= Scott Burns (newspaper columnist) =

American journalist

Scott Burns is an American newspaper columnist and author who has covered personal finance and investments for over 30 years. He is known for creating the "Couch Potato Portfolio" investment strategy, which advocates the use of index funds over managed funds or stock-picking. In 2006, he co-founded the Web startup AssetBuilder, where he is chief investment strategist.

==Biography==
===Education===
Burns graduated from the Massachusetts Institute of Technology with a degree in humanities and biology (1962).

===Career===
Burns began his career as a newspaper columnist at the Boston Herald in 1977 where he was also the financial editor. The column was nationally syndicated in 1981 and is now distributed by Universal Press Syndicate. In 1985 he joined the staff of The Dallas Morning News where his column became one of the most widely read features in the paper. Retiring as a Dallas Morning News staff member in 2006, he continued to contribute to the paper through his ongoing syndication. He announced his retirement in 2017

In August 2006, Burns co-founded AssetBuilder, a registered investment advisory firm, with former Microsoft executive Kennon Grose. The firm offers investors a means to employ an advanced version of Burns's "Couch Potato Portfolio" investment methodology through a Web-based service platform. Burns is chief investment strategist for AssetBuilder.

===Financial writing===
In December 2001 the National Center for Policy Analysis published a paper Burns co-authored with benefits attorney Brooks Hamilton titled, "Reinventing Retirement Income in America." The paper was influential in advocating automatic enrollment, automatic increases in contributions, managed accounts, and little or no company stock, all of which have become trends in corporate retirement plans.

Burns's book The Coming Generational Storm was co-authored with Boston University economist Laurence J. Kotlikoff. The book was endorsed by five Nobel laureates, listed as one of the 25 best books of 2004 by Barron's, and named one of the top 10 business books of 2004 by Forbes. The book warns of a worldwide generational financial crunch and advises investors on how to protect themselves.

Kotlikoff and Burns recently wrote a second book, Spend 'Til the End, presenting new ideas in financial planning based on consumption smoothing. The book was published by Simon & Schuster in June 2008.

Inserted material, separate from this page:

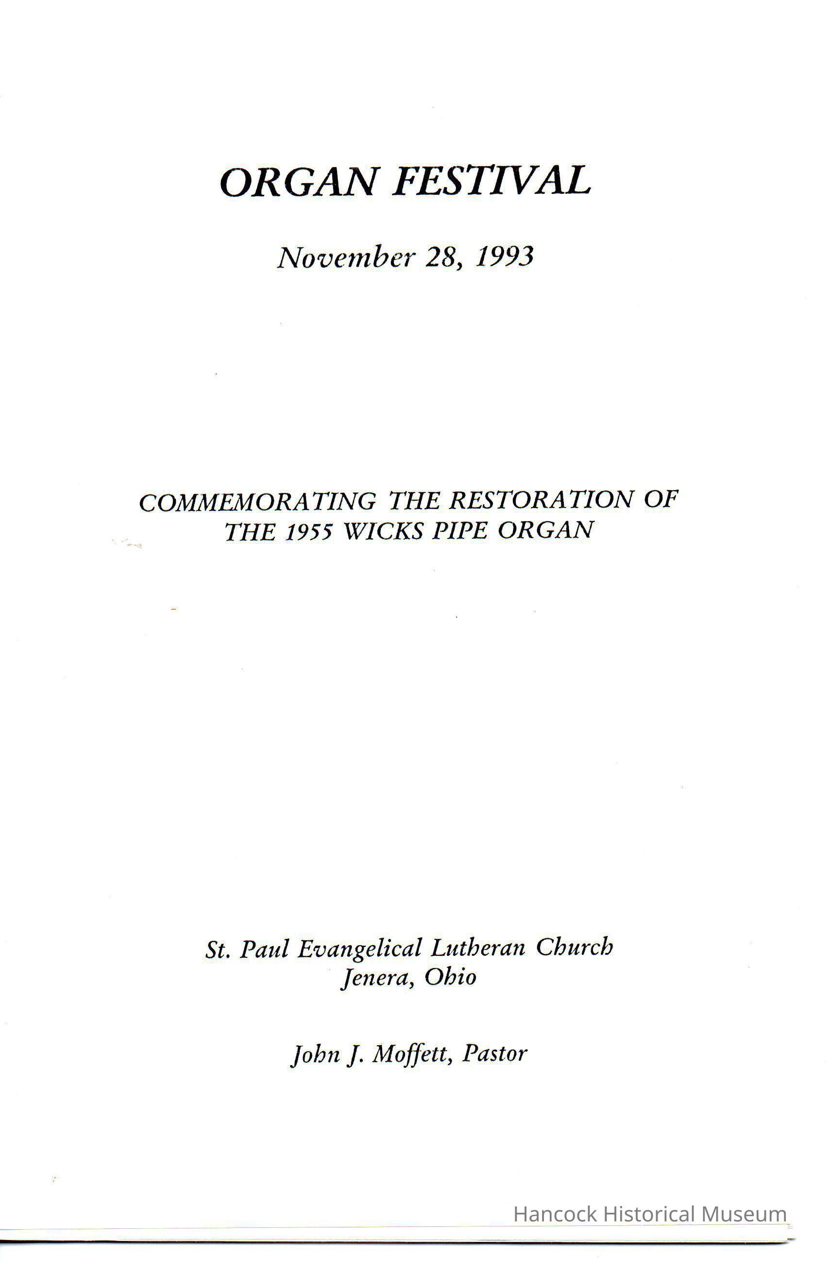 Organ Festival, 1993Entry/Object ID

===The Couch Potato Portfolio===

The original Couch Potato Portfolio strategy included investing half of the investor's assets in a Standard & Poor's 500 Index fund and half in a fund mirroring the Shearson/Lehman Intermediate Bond Index. Burns used the Vanguard 500 Index and Vanguard Total Bond Fund Index.

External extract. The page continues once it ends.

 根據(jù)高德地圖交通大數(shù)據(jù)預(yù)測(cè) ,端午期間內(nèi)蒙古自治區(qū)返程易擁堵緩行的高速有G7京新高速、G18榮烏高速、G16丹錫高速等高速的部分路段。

As described by Shauna Croome-Carther in Investopedia:

Those with higher risk tolerance can modify the 50/50 asset allocation strategy to 25% in the Vanguard Total Bond Fund Index and 75% in the Vanguard 500 Index. The 25/75 allocation is known as the 'sophisticated couch-potato portfolio'. The higher weighting in equities is more suitable for younger investors, and those closer to retirement need more security. Ever since the concept originated, the couch-potato strategy has been modified to suit individual needs from various countries.

Originally it had been designed for the US market, but the term "couch potato portfolio" is now a general term for "a technique for building a diversified, low-maintenance portfolio designed to deliver the returns of the overall stock and bond markets with minimal cost".

==Published works==
- Squeeze It Till the Eagle Grins (1972)
- Home, Inc., The Hidden Wealth and Power of the American Household (1975).
- "Reinventing Retirement Income in America" (with Brooks Hamilton; National Center for Policy Analysis, 2001)
- The Coming Generational Storm (with Laurence Kotlikoff; MIT Press, 2004)
- Spend Til' the End (with Laurence Kotlikoff; Simon & Schuster, 2008)

Burns's articles and columns have appeared in Worth, Boston, Playboy, Vogue and Harper's Bazaar.